Stacey Malinowski: And I think too, there needs to be more education to the public, those that are interested in becoming nurses. Maybe we need to start in high schools and really start talking and having these discussions earlier. Because there are so many really great federal programs out there to help assist pay with nursing school, there are state-level programs.
And I will share that my bachelor’s, my master’s and my doctoral degree were all paid for by my state because I was able to apply for grants and funds and then provide my service back to my state. So there are a lot of ways out there. I just don’t know that students know where to find them.
Dr. Bjorn Mercer: And that totally makes sense. A portion of my wife’s master’s was WICHE, which is a Western organization. It’s a conglomeration of western states in the U.S., which was able to pay for a part of it. Not all of it, unfortunately, but a part of it. But, like you said, there are a lot of programs out there and depending on your state, some states have a worse shortage than others, but there are ways to get funding, if not all, partial, which is always helpful.

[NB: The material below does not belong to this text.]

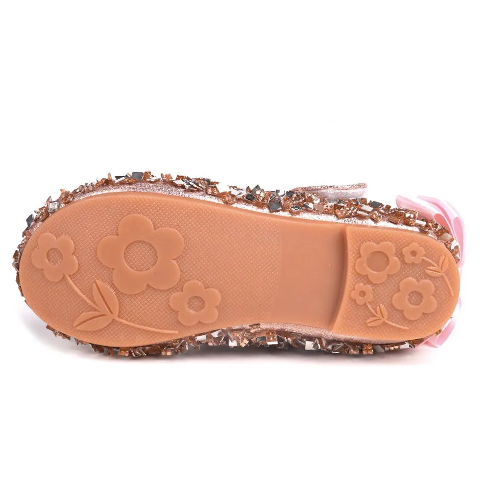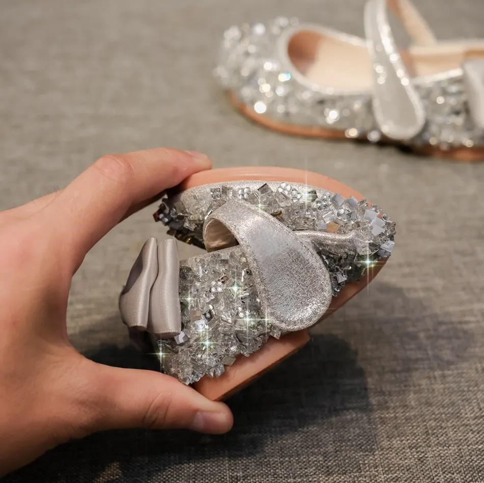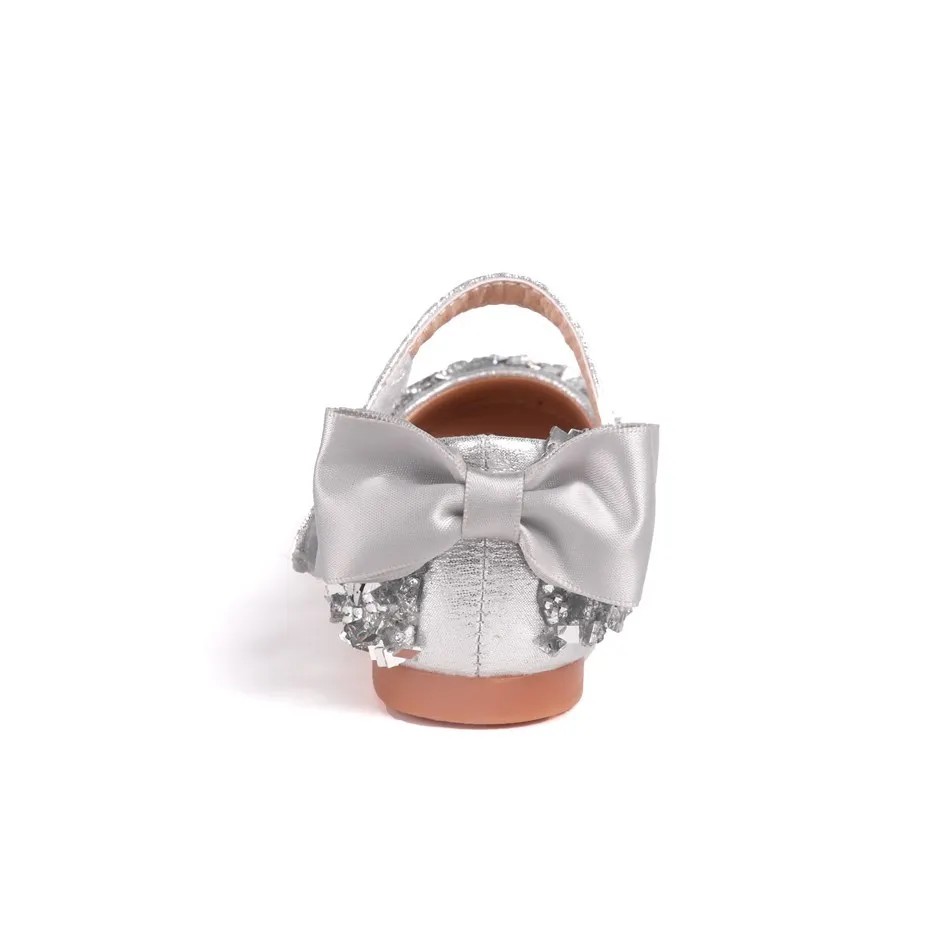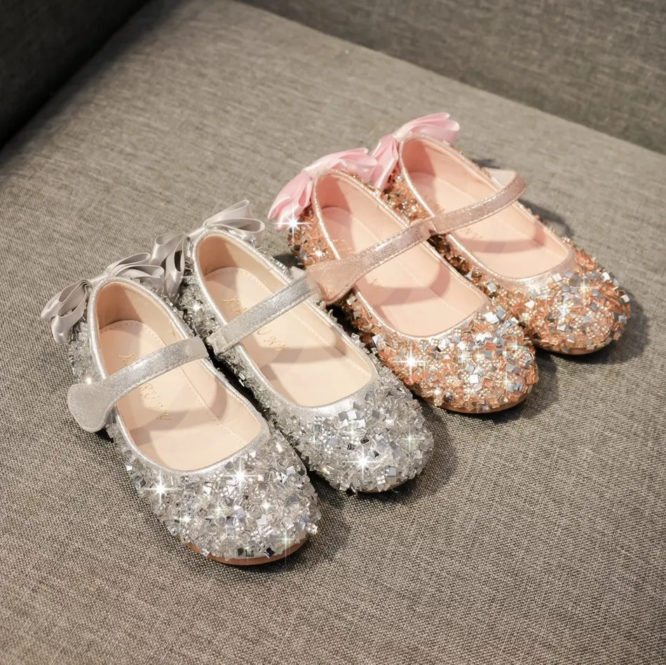 Название платья: Стразы для девочек; Обувь принцессы без застежки; Детские балетки на плоской подошве с бантом сзади; Блестящие свадебные туфли Mary Jane

Stacey Malinowski: Yeah. I agree. And also using the military as an avenue, too. Military medicine and nursing is very exciting, at least for me. And I enjoyed being a part of that later on, when I went back into the Army Reserve Nurse Corps. I think we almost need more mentoring. Nurses need to mentor the young to help them find their way into the profession, help them see that this is something that you can do relatively low cost. It doesn’t have to be something that you have to come out with all these expensive student loans, because I think people are getting savvier and people are, why should I have all these tens and thousands of dollars of student loans for my career? They don’t want to start out that way.
Dr. Bjorn Mercer: Exactly. And I 100% agree. And as someone who’s always taught at the college level my entire career, I think college education is great for everyone, but you don’t have to get all these degrees and all this education to have a great life and a fulfilling career and to really help people. You need to find the job that works for you, and nursing I always say is absolutely wonderful, of course. I saw my mom be a nurse her entire career. It is the foundation of all healthcare, from my perspective. Doctors are great. Therapists are great, my wife’s a therapist, but nothing happens without nurses. And so absolutely wonderful conversation. Any final word, Stacey?
Stacey Malinowski: No. Just I encourage anybody who’s ever even considered maybe becoming a nurse, really look into it, find a nurse and talk to them because there are so many ways in the profession, over a hundred different specialties. There’s so many things that you can do. So once you become a nurse, you can stay a nurse for your entire career.
Dr. Bjorn Mercer: Absolutely wonderful. And today we’re speaking with Stacey Malinowski about nursing education. And of course, my name is Dr. Bjorn Mercer. And thank you for listening.